Despistado released their first EP, The Emergency Response, in 2002 (produced by David j Taylor); it was subsequently re-released in 2004 on Jade Tree Records. Widely hyped as a "next big thing", the band's single "A Stirstick's Prediction" was used in a commercial for T-Mobile.  In 2004, "A Stirstick's Prediction" was contributed to the compilation album "Take Action! Vol 4". 

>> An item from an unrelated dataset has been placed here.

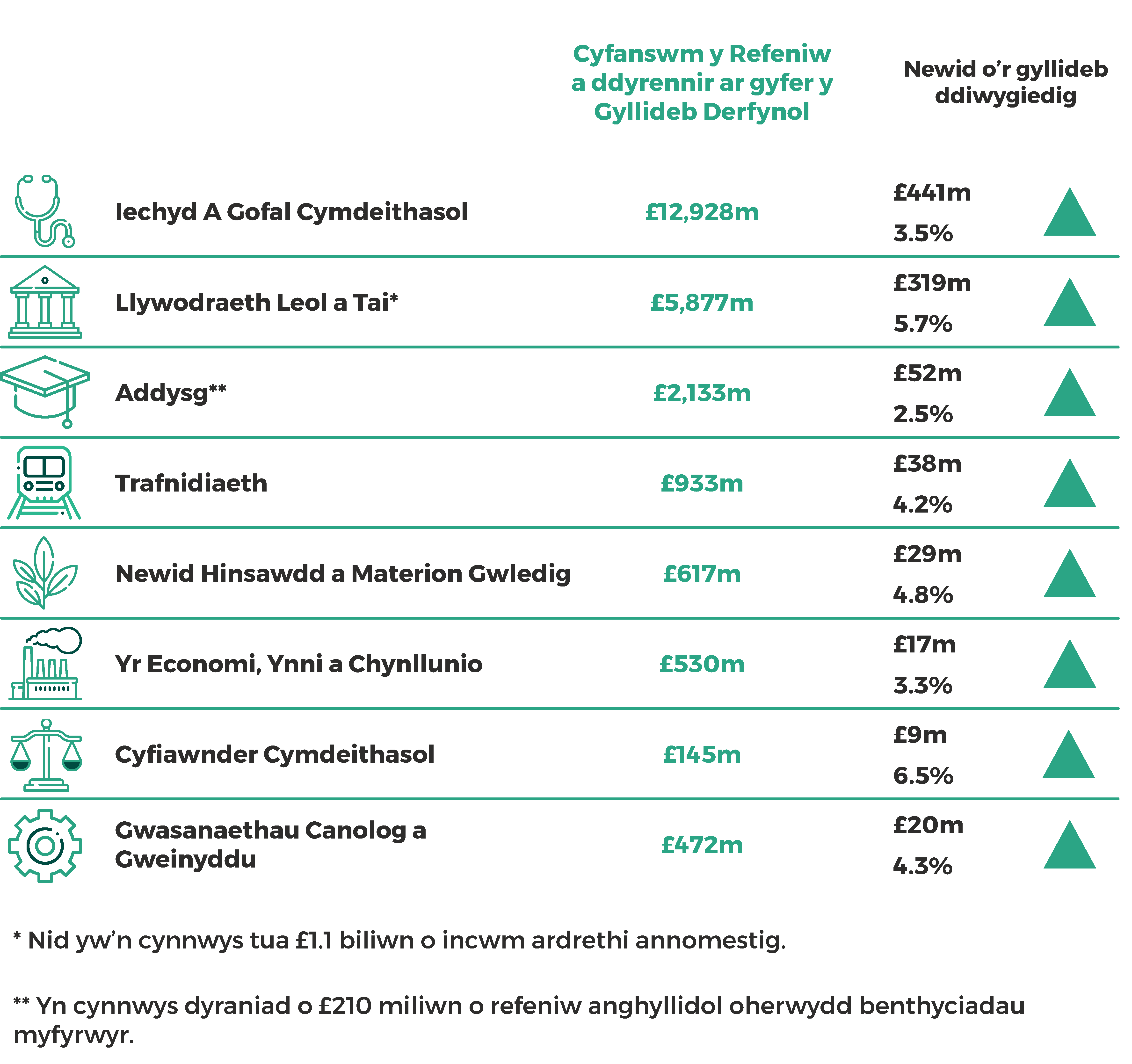 Mae cymharu'r cyfanswm refeniw a ddyrannwyd yn y Gyllideb Derfynol â'r llinellau sylfaen diwygiedig ar gyfer 2025-26 yn dangos bod y cynnydd nominal mwyaf ar gyfer Iechyd a Gofal Cymdeithasol, sef £441m, a’r cynnydd canrannol mwyaf ar gyfer Cyfiawnder Cymdeithasol (cynnydd o 6.5%, neu £9m, o gymharu â'r llinell sylfaen ddiwygiedig). Fodd bynnag, mae dyraniadau pob adran wedi cynyddu 2.5% neu fwy. Mae ein ffigurau'n cynnwys dyraniadau nad ydynt yn arian parod.

After many cross-Canada tours in 2004 which reportedly left the band exhausted and riven by personal tensions, they returned home to prepare for an international tour in the fall; due to family obligations, Passmore declined to participate in the fall tour through the United States with The Weakerthans, and was temporarily replaced by Robin Sernich. By Christmas the band had broken up. Their full-length album The People of and Their Verses, completed before the band's breakup, was subsequently released on Jade Tree in 2005.

Passmore is currently in the bands Sylvie and Rah Rah. Dagan Harding is preparing to release his second solo album, as well as playing with Thorseth in the band Geronimo throughout the late 2000s. Schwartz played with Anatta and Porticoast prior to those bands breaking up.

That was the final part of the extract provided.